Cela dit, elles restent toujours confrontées aux difficultés de refinancement. Face à l’incomplétude de l’écosystème en terme de produits de financement, à l’inexistence d’un marché interbancaire participatif et à l’impossibilité de se refinancer auprès de BAM, les banques se rabattent sur la wakala bil istithmar et dans une moindre mesure sur les dépôts d’investissement. D’ailleurs, les premières ont atteint 4,1 milliards de DH, en hausse de 28%, au moment où les secondes se situent à 693 MDH, soit plus du double de leur niveau en début d’année. «Ces moyens de refinancement restent suffisants pour certaines banques dont l’assise bilancielle est solide. D’autres, par contre, peinent à trouver un juste équilibre entre le refinancement qui est généralement de court terme et le financement qui, lui, est de long terme», explique un professionnel du secteur. Un autre souligne que «le refinancement des banques s’en trouve ainsi nettement plus cher, comparativement aux banques conventionnelles. Alors que ces dernières se refinancent auprès de BAM à 1,5%, les banques participatives le font entre 2% et 3% à travers les wakalat bil istithmar, où les dépôts d’investissement (coût de la rémunération du refinancement auprès de la banque mère, ou des clients dépositaires)».
Le gros du financement mourabaha est concentré sur l’immobilier avec une part de 85%, à plus de 10 milliards de DH, en hausse de 33% depuis début 2020. L’encours du financement à la consommation, lui, s’affiche à peine à 941 MDH (+33%) et celui à l’équipement à 774 MDH (+76%). En fait, «ce n’est pas une situation propre au Maroc. Dans tous les pays où la finance participative est implantée, le financement mourabaha immobilier accapare un poids important du financement global», fait remarquer Youssef Baghdadi, président du directoire de Bank Assafa. Il ajoute que les banques participatives ne sont toujours pas considérées comme des banques à part entière. Elles sont plus assimilées à des établissements de financement. Ce qui représente l’une des contraintes du développement du concept banque participative au Maroc.
Il faut dire aussi que l’absence de plus en plus pesante de l’assurance Takaful représente un frein d’accès à la banque participative. Les textes de loi ne sont toujours pas sortis des tiroirs.
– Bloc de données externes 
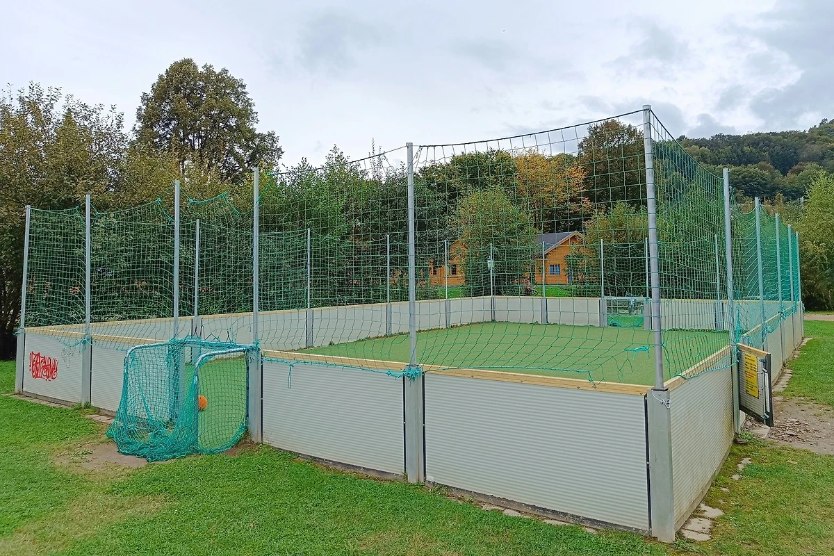Die Küchenzeile hat eine Küchengrundausstattung für 12 Personen, verfügt über einen Kühlschrank, Herd, Kaffeemaschine, Wasserkocher.
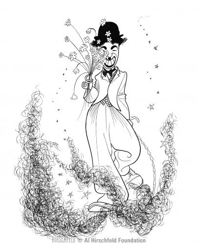 CHARLIE CHAPLIN WALKING IN CLOUDS HOLDING FLOWERS, 1975
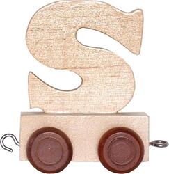 Drevený vágónik na kolieskach s písmenom S.
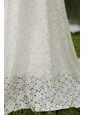Pure is the only word can explain this dress.This simple design lace wedding dress is highlighted with the sweetheart strapless bodice.You can see that the different print of the lace fabric between the bodice and the skirt.It shows your figure perfectly.The sweep train and the zipper up back finish the dress.You will be the most elegent bride when you wear this dress.
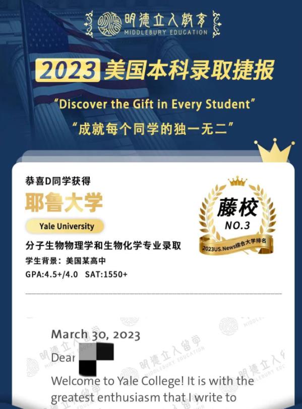 恭喜D同学在RD阶段拿到了全美第三古老、藤校耶鲁大学的分子生物物理学和生物化学专业的录取。
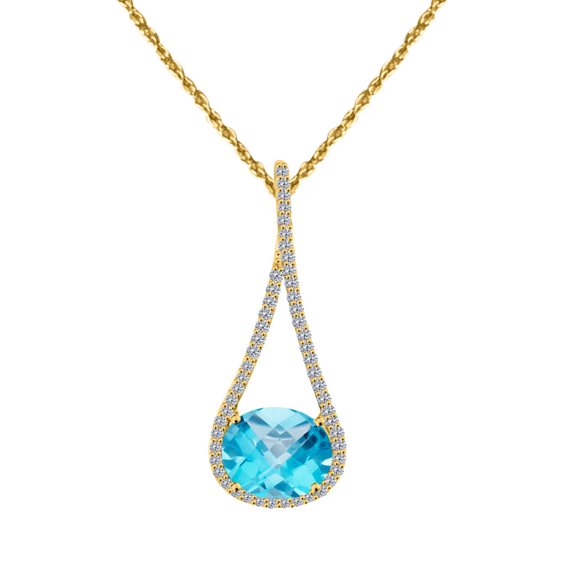 MauliJewels Engagement Necklace for Women 4.81 Carat Diamond and Oval Shape Blue Topaz Pendant, 4 Prong, 10K Gold with 18'' Chain
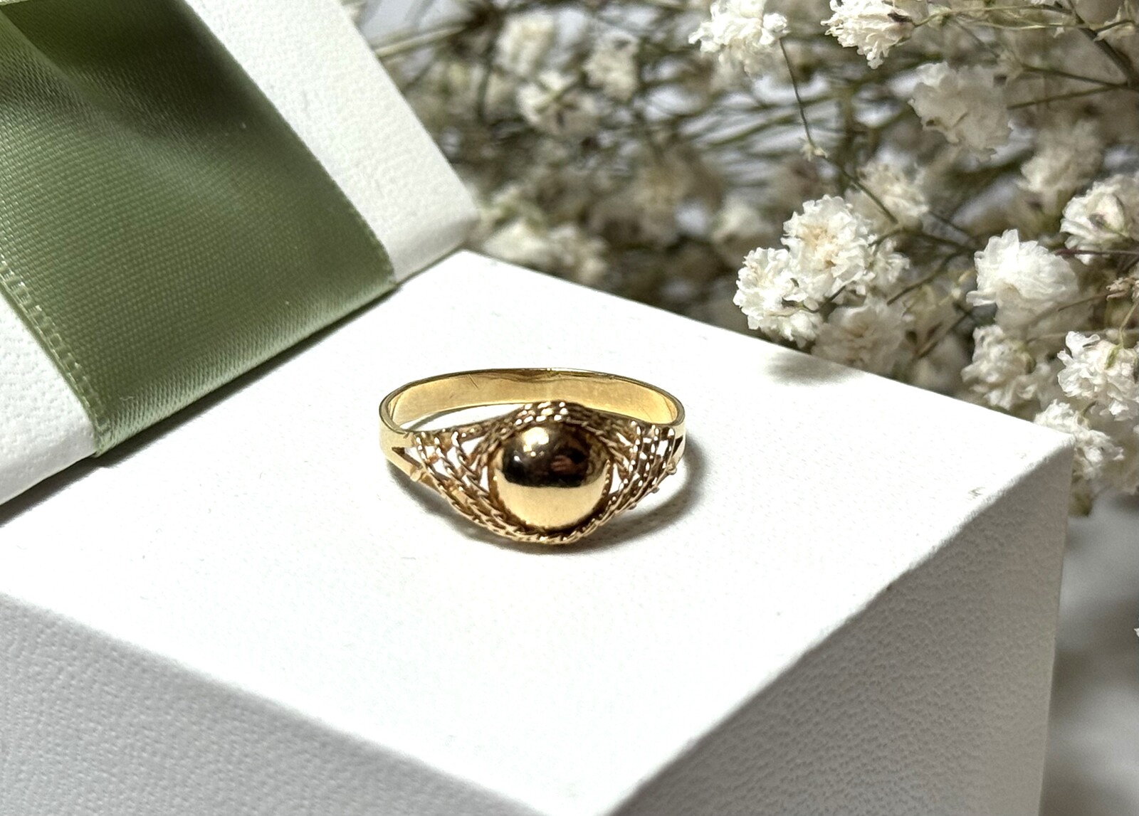 Oferujemy na sprzedaż złoty pierścionek wykonany z 14-karatowego (p.585) różowego złota.
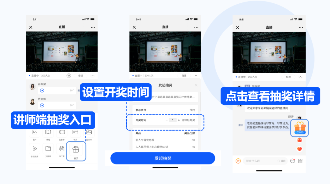 直播进行中,讲师可以选择发起抽奖,并可以设置开奖时间(支持设置自动开奖时间为1-120分钟后)。
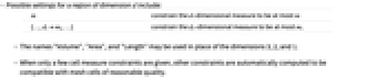 -dimensional measure to be at most mi - The names "Volume", "Area", and "Length" may be used in place of the dimensions 3, 2, and 1.
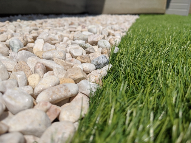 人工芝は日本庭園など和テイストのお庭にもよく合うので、砂利との組み合わせはよく使われます。建物の外周に砂利を敷いて、残りのスペースに人工芝を敷くようなレイアウトも人気です。
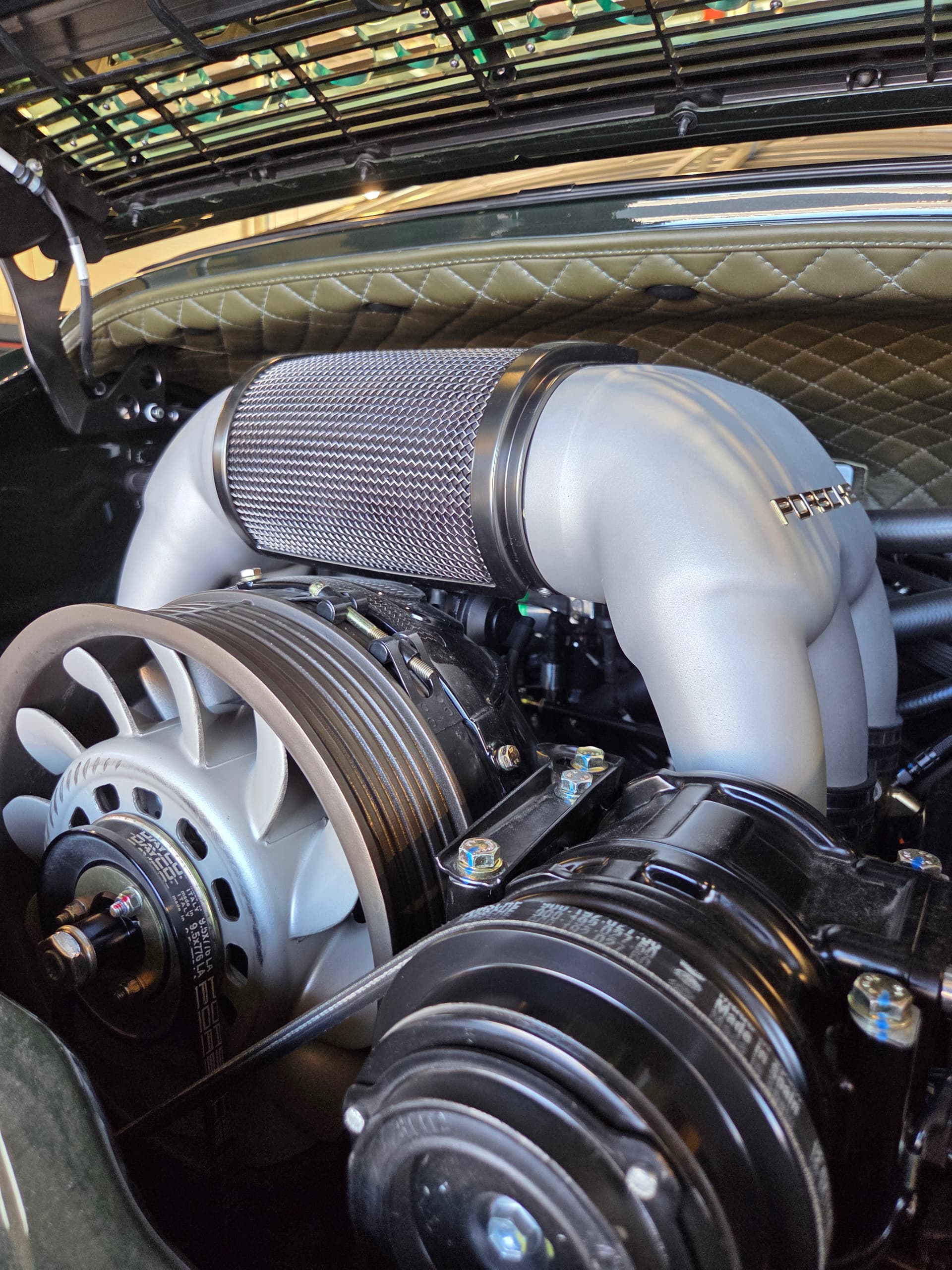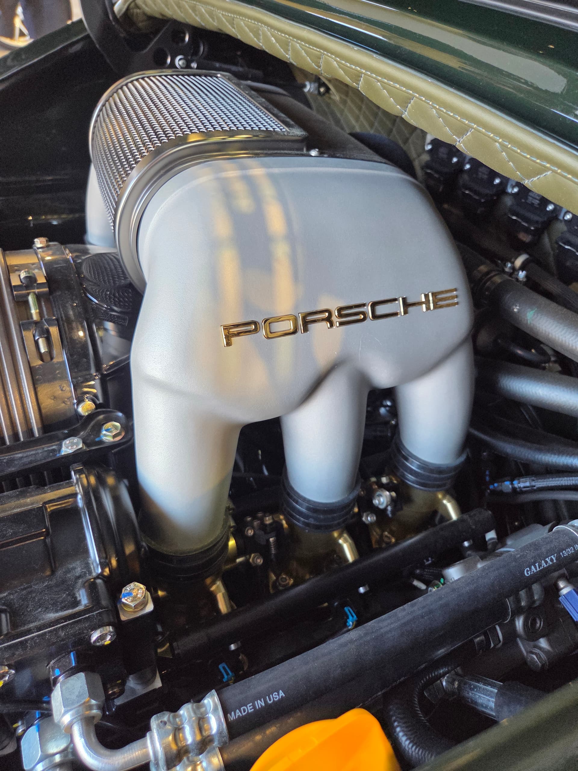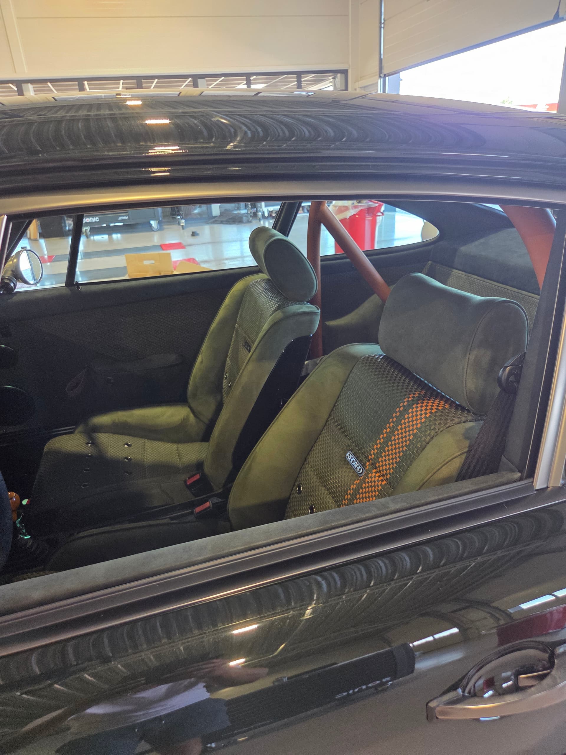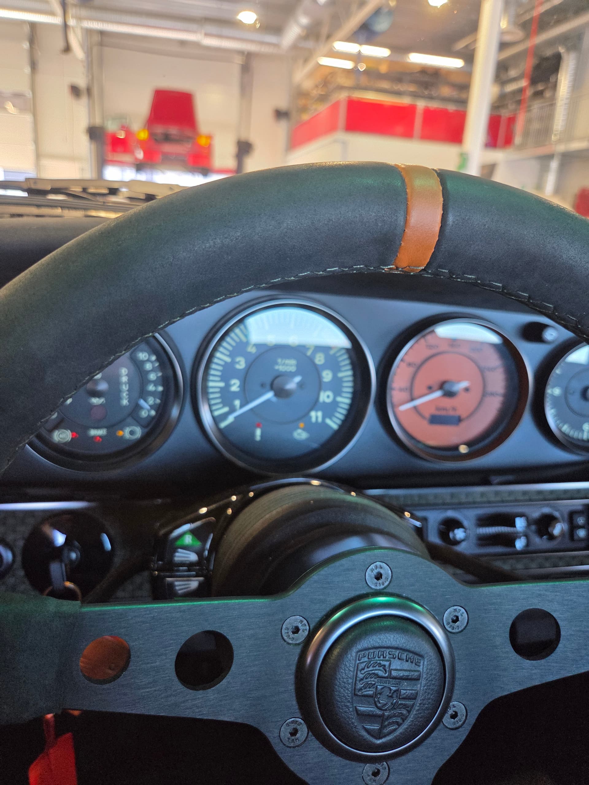 Så å si hele bilen er karbon, all trim,lister, speil, dørhåndtak osv er frest ut i alu, fuchs felgene er custom nylagde i 18" (?) Legg merke til skinnet INNE i motorrommet… osv osv osv osv… helt hinsides detaljnivå… donorbilen er i utgangspunktet norsk fra 1990 med de originale skiltene fra '90 så går ut ifra at bilen har blitt sendt til Singer for ombygging, vet ikke hvordan det slår ut på avgifter. Uansett - lekkert!
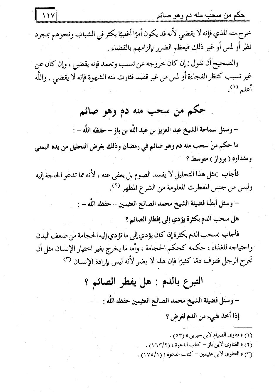 فأجاب: سحب الدم بكثرة إذا كان يؤدي إلى ما تؤدي إليه الحجامة من ضعف البدن واحتياجه للغذاء، حكمه كحكم الحجامة، وأما ما يخرج بغير اختيار الإنسان مثل أن تجرح الرجل فتنزف دما كثيرا فإن هذا لا يضر لأنه ليس بإرادة الإنسان (3)
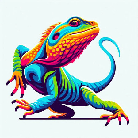 A vividly colored lizard displays a striking array of patterns while resting quietly.
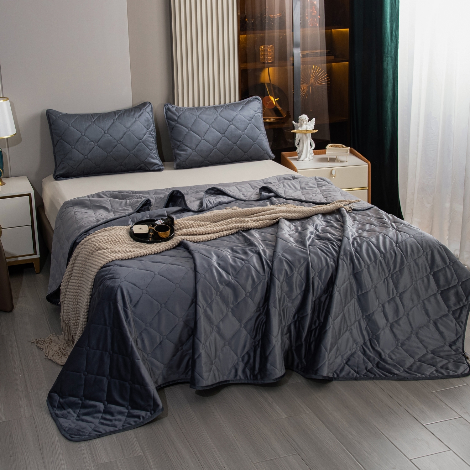Велюровое покрывало с ромбовидной стежкой: мягкая текстура велюра и приятная цветовая гамма станут прекрасным дополнением интерьера вашей спальни. Кровать с таким покрывалом будет выглядеть стильно и дорого.
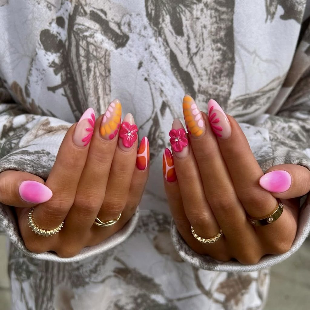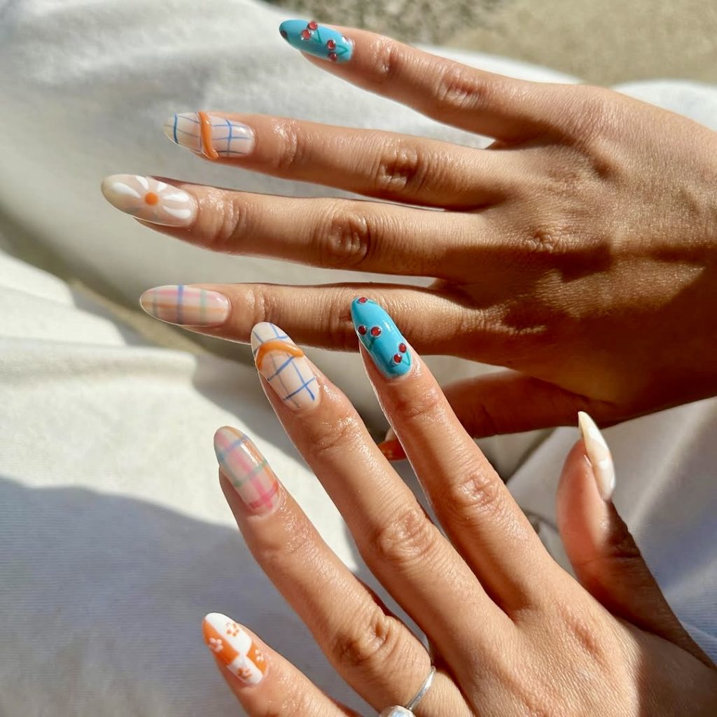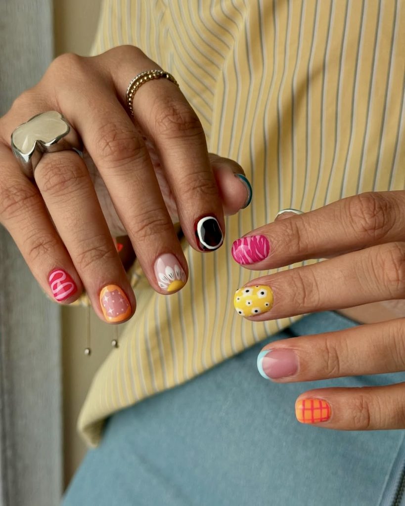Nothing can be as good as the summer joy that one feels when there is a full bloom of rainbow florals. This daring gel-like manicure that seems like a jellybean integrates all the colors of summer—hot pink, turquoise, sunshine yellow, red, and tangerine—on short, round nails. Each design is an individual painting of large and cartoonish flower images, which gives a feel of the retro garden. The nail set will perfectly match your closet if it consists of statement rings, bright accessories, or mixed patterns. It is one of the most colorful combinations of the year, and it’s a must for the strong women who want to be different in 2025.
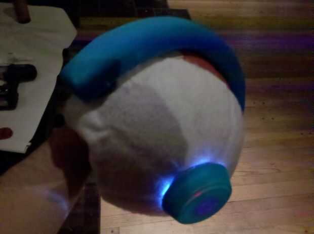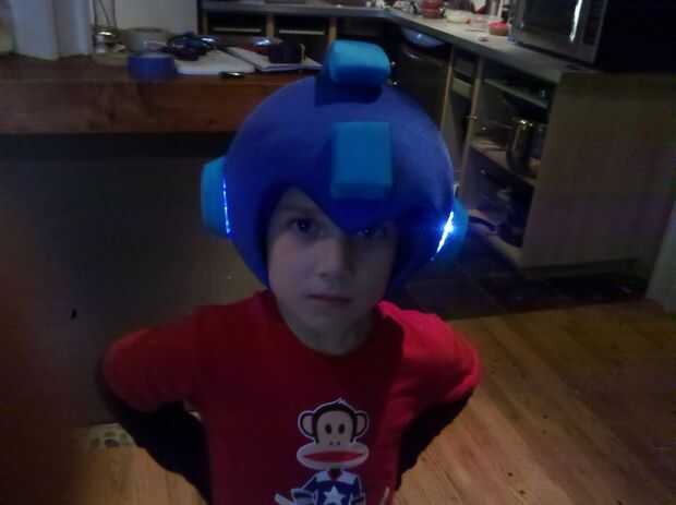 El casco de Megaman pondrá a prueba su paciencia. Ser muy cuidadoso corte la bola, algunas pelotas son más fáciles de cortar que otros. Dibujar la plantilla con un marcador lavable primero luego permanente cuando su listo para cortar. Las orejas deben cortarse según a las luces de disco que utiliza. Quité la cubierta transparente de la luz del disco y pintados de rojo. Entonces compré un Garnier Fructis crema hairgel. Las tapas funcionan perfectamente para los oídos. Luego perforé un 1" agujero en la tapa de la luz ser empujado hacia adentro. Enrollar el plástico con la tela con la cinta y el pegamento caliente. Luego coloque el plástico a la luz modificada utilizando la pistola encoladora. Más fácil decirlo que hacerlo, arruinado uno antes de que lo conseguí! Las orejas deben fijarse al casco a menos que usted puede conseguirlos ajustada firmemente. El casco estaba envuelto en cinta del pato, luego cubierta con un fieltro, y por último la tela se estira sobre el casco. La tira de estilo espartano fue realizada utilizando la espuma, construida varias veces y la envolvió en tela antes de colocar el casco.
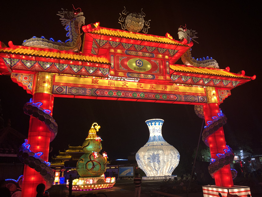 本次燈會(huì)以海南風(fēng)情為主題,燈品內(nèi)容與海南建筑、民俗有機(jī)結(jié)合,從構(gòu)圖、造型、工藝都突顯東方彩燈“精、細(xì)、巧、透、靈”的特點(diǎn)。《寶葫蘆》、《丹鳳朝陽》、《萬象更新》、《鄭和下西洋》等主題展區(qū),60余組設(shè)計(jì)新穎的彩燈燈組雄奇宏偉、色彩斑斕,仿佛一卷光影畫軸,向八方游客講述海南故事。
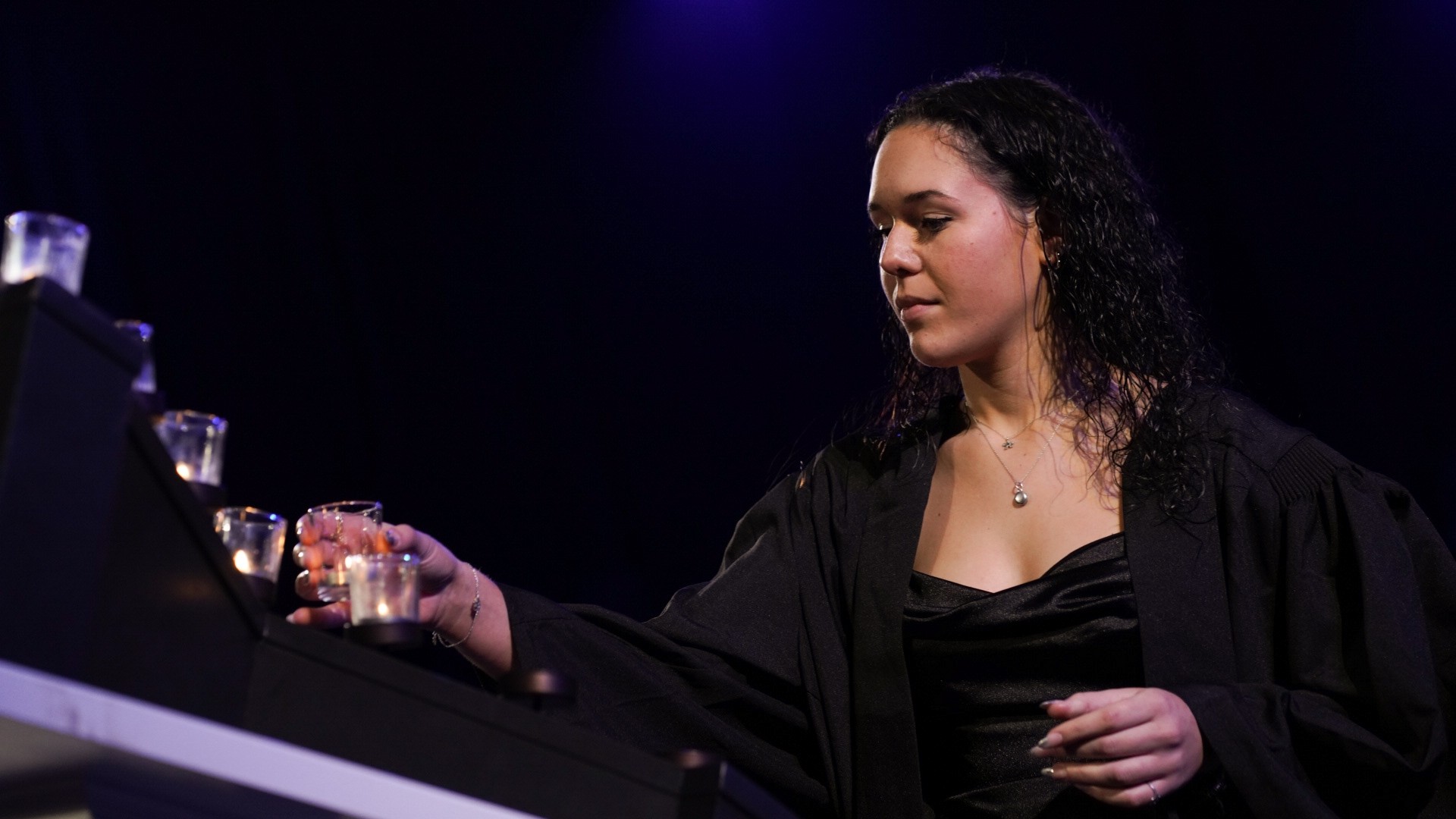 Radiating with excitement, gown-clad students were piped into the blue-lit room. Master of Ceremonies Vincent Breen, Co-President of the Senior Class, opened the ceremony by inviting fellow students to the stage for the lighting of the X Candle.
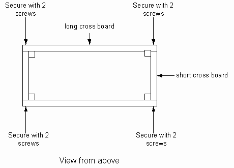 6) Using the 2 small cross boards, secure the two leg assemblies together. (This step may require help from another person.)
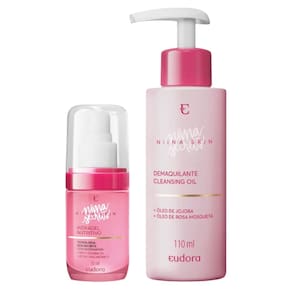 O kit contém dois produtos essenciais para sua rotina de cuidados com a pele. O Cleansing Oil remove impurezas e maquiagem à prova d’água sem agredir a pele. O Hidragel Nutritivo hidrata com leveza, promovendo maciez e toque seco. Fórmulas veganas, com ativos como ácido hialurônico e óleo de jojoba. Ideal para todos os tipos de pele.

En face, certaines compagnies d’assurance se disent prêtes à lancer cette assurance. Quatre compagnies d’assurance et une autre de réassurance ont déposé leur dossier d’agrément auprès de l’ACAPS. De son côté, la circulaire sur Takaful est finalisée et sera bientôt de sortie. En revanche, la loi sur Takaful coince toujours auprès de la DTFE, qui n’a pas répondu à nos questions, malgré nos nombreuses sollicitations.
En tout cas, cette année est passée sans grand relief, dans le sens où rien n’a vraiment changé dans l’offre globale des banques, mis à part le lancement du produit Salam. Et même si ces établissements bancaires ont également bénéficié de la garantie CCG pour les financements, aussi bien au profit des particuliers que des entreprises, il n’y a pas eu un fort engouement, quoique quelques dossiers aient été remis à la CCG et sont en attente d’approbation.
L’année 2021, optimisme oblige, les banquiers l’appréhendent avec sérénité. En effet, l’offre devrait être plus complète avec les produits Moucharaka et Moudaraba, mais aussi avec l’assurance Takaful. En bref, l’année prochaine sera décisive. «Avec une offre générale de financement touchant la clientèle corporate et celle des particuliers, plus d’excuse valable pour continuer à reprocher aux banques l’incomplétude de leur écosystème», conclut M.Baghdadi.